Generally, decorations should not be allowed to form an obstacle to the smooth operation of a building's safety systems and rapid evacuation in the event of an emergency. Avoid placing them near an exit, a corridor or heating appliance.

Festive preparations

On festive occasions (Halloween, Christmas, etc.), the use of streamers made of flammable material, crêpe paper for example, is prohibited unless they are sufficiently flame-resistant. Use decorations bearing a seal of approval recognized by the RBQ (CSA, ULC, etc.).

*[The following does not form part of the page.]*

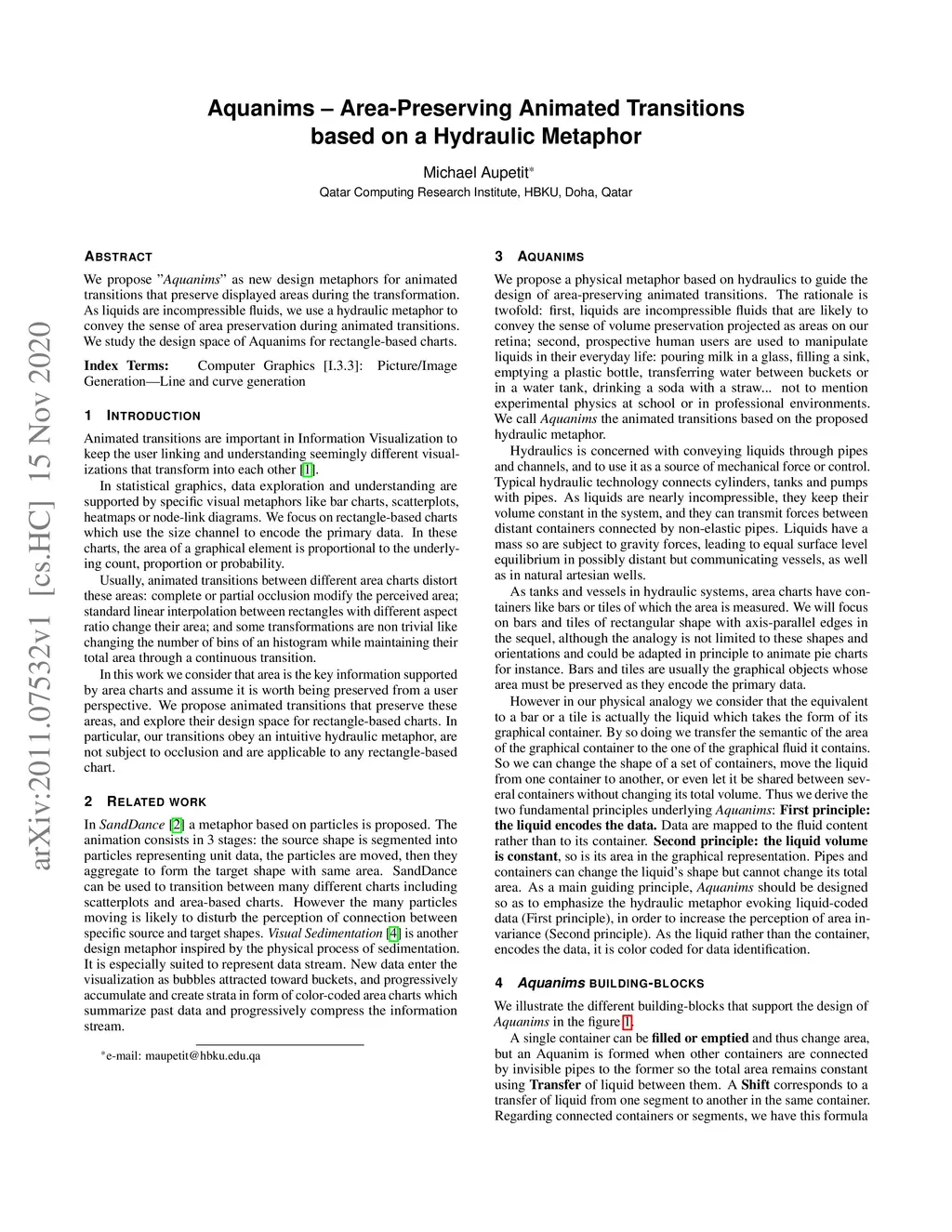 We propose "Aquanims" as new design metaphors for animated transitions that preserve displayed areas during the transformation. As liquids are incompressible fluids, we use a hydraulic metaphor to convey the sense of area preservation during animated transitions. We study the design space of Aquanims for rectangle-based charts.

Use of coniferous trees (fir, pine, spruce, cedar, etc.) or their branches for Christmas decorations in a public building is prohibited. Never use electric bulbs on an artificial tree made of metal. Do not leave a lighted tree without supervision and take care not to overload the power circuits.

Fire protection systems

Fire protection systems (fire alarms, standpipe and hose system, sprinkler system, portable extinguishers, etc.) must be kept in good operating condition and upgraded in conjunction with alterations made to a building.

Pyrotechnics

Before a show using pyrotechnic effects, a building owner planning to host the event should always check with the municipality's fire department to find out if the use of pyrotechnic material is allowed and under what conditions.